Work task: Everything below from the line with "Wohn-/Essraum als auch" through the line with "2025年4月29日,化学工" must be retyped exactly, except the pictures.
[Listed records Boundary: Start]
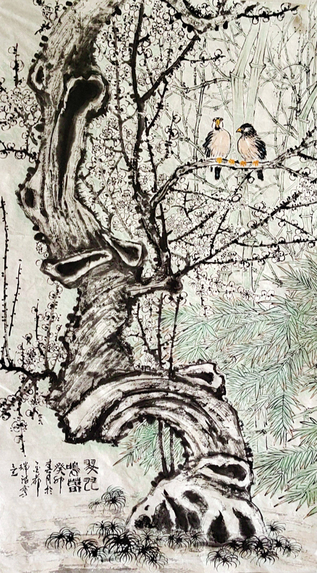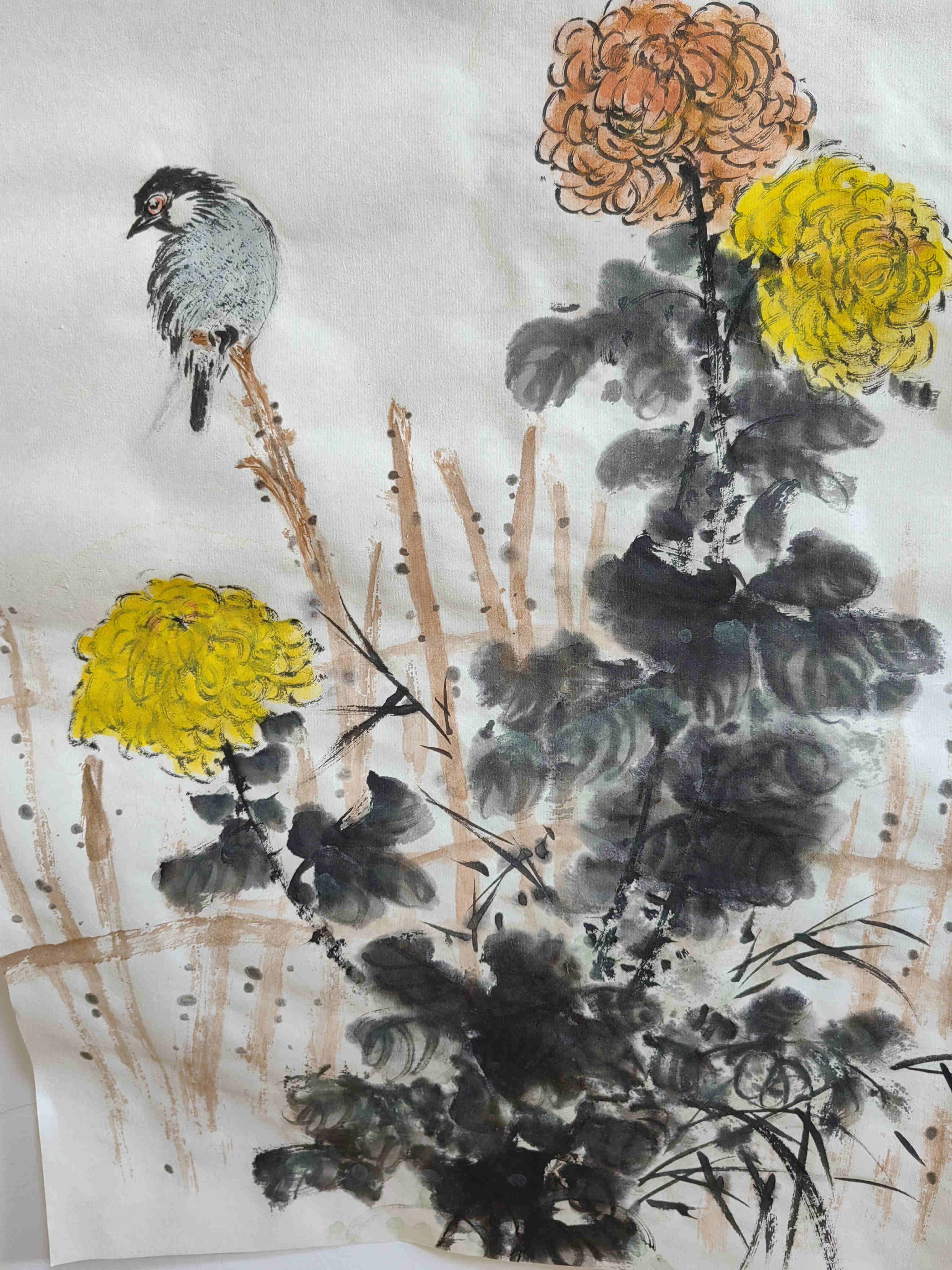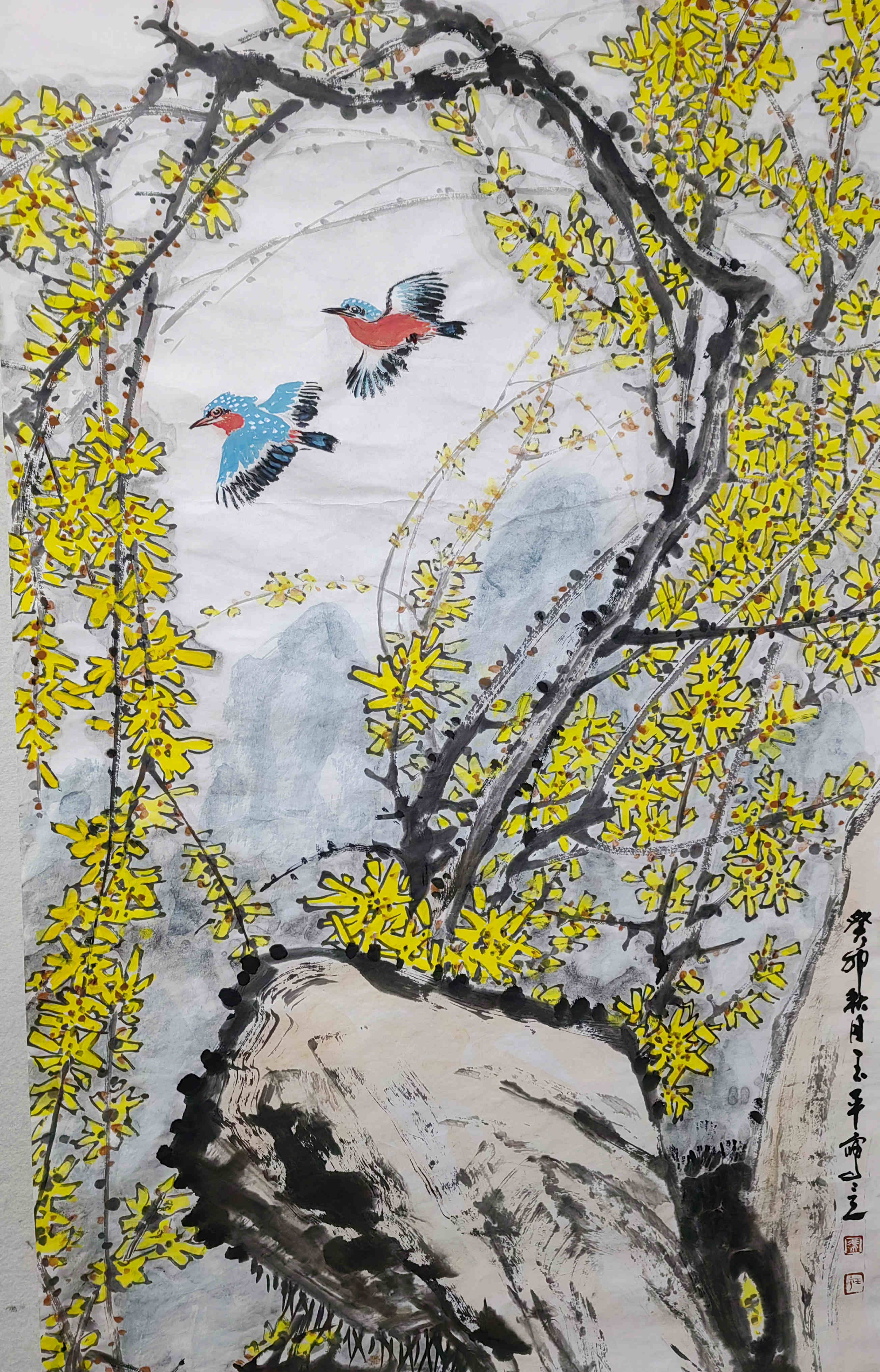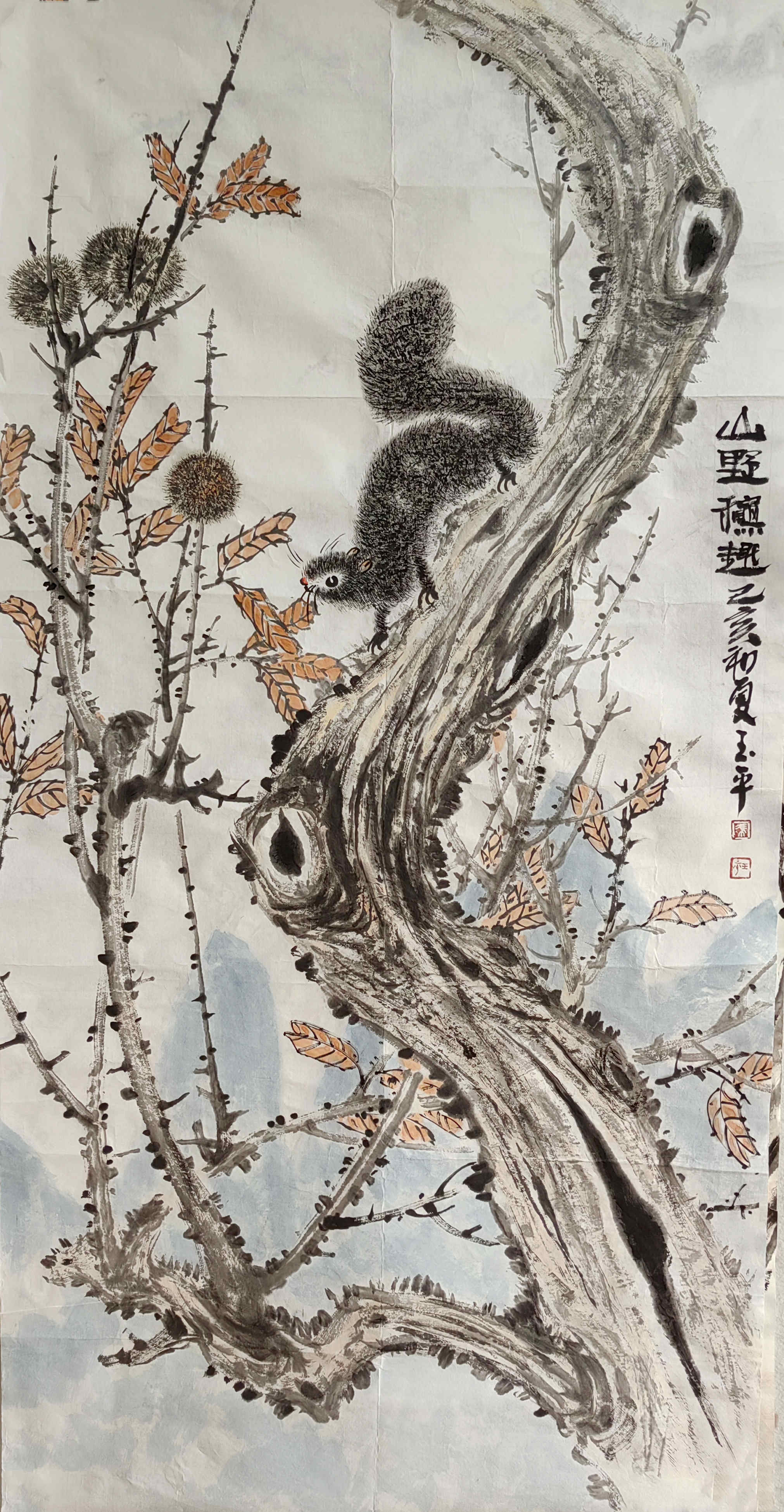 2018年3月,国画《秋林一声啼》入选孙其峰先生百岁诞辰师生书画展。
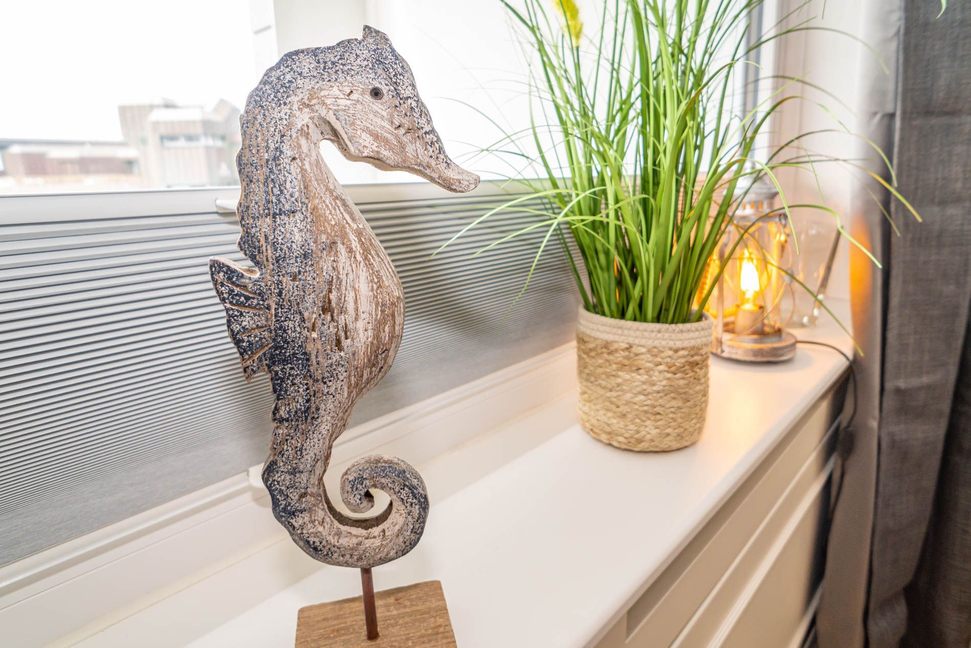 Wohn-/Essraum als auch das Schlafzimmer lassen sich mit Plissees verdunkeln.
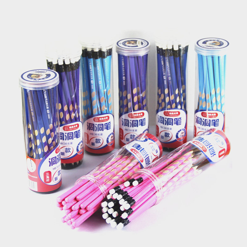 齐心洞洞铅笔小学生幼儿园一年级专用HB儿童铅笔正姿洞洞笔铅笔hb矫正握姿三角杆彩杆初学者用
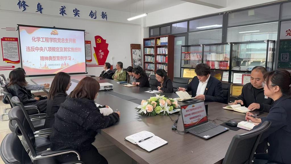2025年4月29日,化学工程学院党总支积极响应党的号召,全面贯彻落实中央关于全面从严治党的要求,组织全体党员深入开展了违反中央八项规定及其实施细则精神的典型案例学习活动。本次活动旨在进一步强化党员干部的纪律意识,筑牢廉洁自律的思想防线,确保党的纪律规矩在学院各项工作中得到严格遵守和执行。
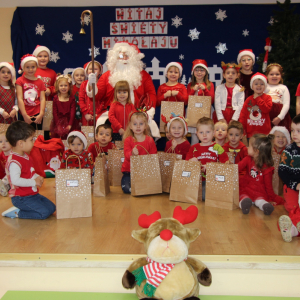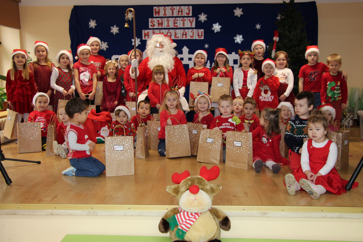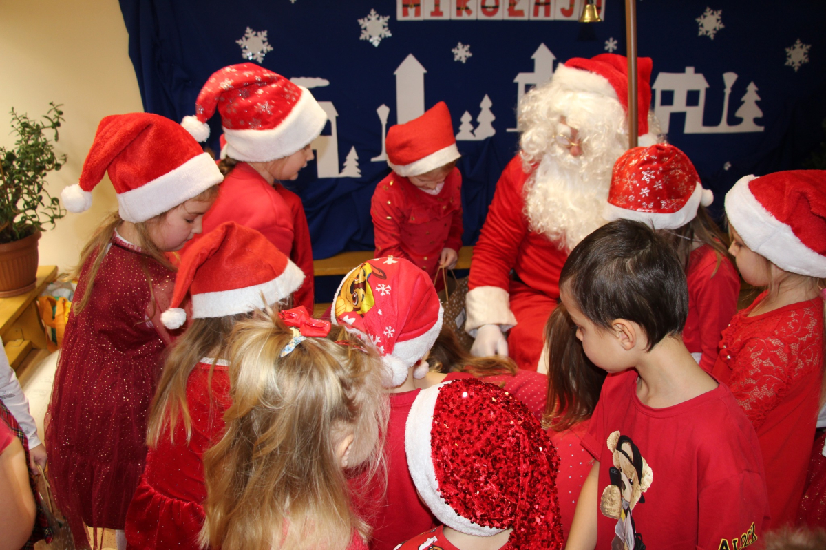 Wizyta świętego Mikołaja w naszym przedszkolu to jeden z najbardziej oczekiwanych przez dzieci dni w roku. Dzieci zawsze przygotowują się do niego z największą przyjemnością i starannością. Tak było i tym razem, wszystkie dzieci nauczyły się pięknie śpiewać piosenkę dla Mikołaja. 4 grudnia dzieci z wielką niecierpliwością nasłuchiwały mikołajowych dzwoneczków. Święty Mikołaj nie zawiódł dzieci i nie kazał długo na siebie czekać. Już z samego rana zawitał do naszego przedszkola. Dzieci bardzo przeżywały to spotkanie. Na ich twarzach malował się uśmiech i widać było mnóstwo radości. Na początek dzieci pięknie zaśpiewały wyuczoną piosenkę. Następnie niezwykły gość obdarował każde dziecko wspaniałym prezentem i zaprosił każde dziecko do wspólnego zdjęcia pamiątkowego.
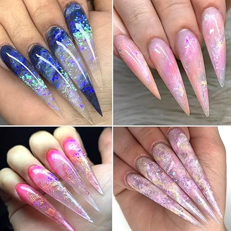 - 【Wide Application】The holographic sparkle glitter dust can be applied on UV gel nails, acrylic nails, natural nails or false nail tips. It is also suitable for clothes, slime, phone cases, gift-wrap, invitations, and epoxy resin.
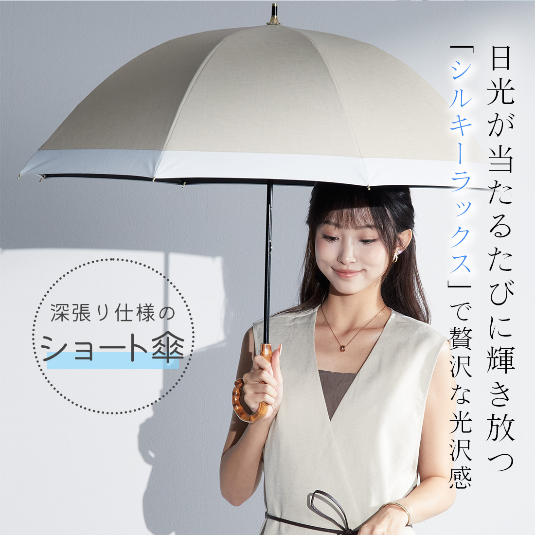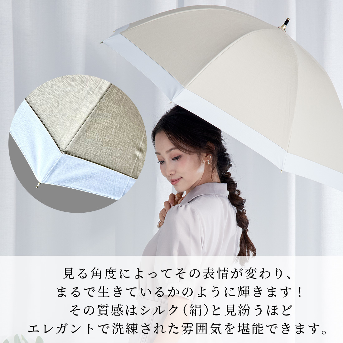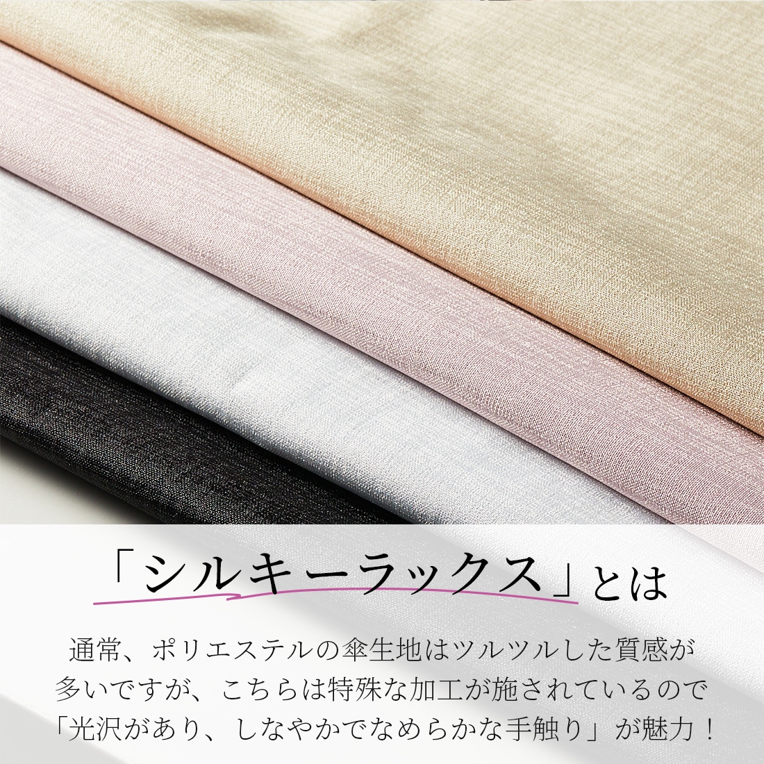 通常、ポリエステルの傘生地はツルツルした質感が多いですが、こちらは特殊な加工が施されているので「光沢があり、しなやかでなめらかな手触り」が魅力です!
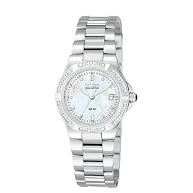 Eco-friendly, thanks to both the conflict-free diamonds on its bezel and its solar powered design, the lovely Riva Watch #EW0890-58D from Citizen's Eco-Drive Collection instantly charms. A slender, circular case surrounds a luminous mother-of-pearl dial, complete with silver-tone hands and dot markers, as well as a date display at three o'clock. A polished stainless steel bracelet ensures a sophisticated look. Water resistant to 100 feet, the Riva is backed by a five-year warranty.
[Listed records Boundary: End]
Your solution:
 Wohn-/Essraum als auch das Schlafzimmer lassen sich mit Plissees verdunkeln.
 齐心洞洞铅笔小学生幼儿园一年级专用HB儿童铅笔正姿洞洞笔铅笔hb矫正握姿三角杆彩杆初学者用
2025年4月29日,化学工程学院党总支积极响应党的号召,全面贯彻落实中央关于全面从严治党的要求,组织全体党员深入开展了违反中央八项规定及其实施细则精神的典型案例学习活动。本次活动旨在进一步强化党员干部的纪律意识,筑牢廉洁自律的思想防线,确保党的纪律规矩在学院各项工作中得到严格遵守和执行。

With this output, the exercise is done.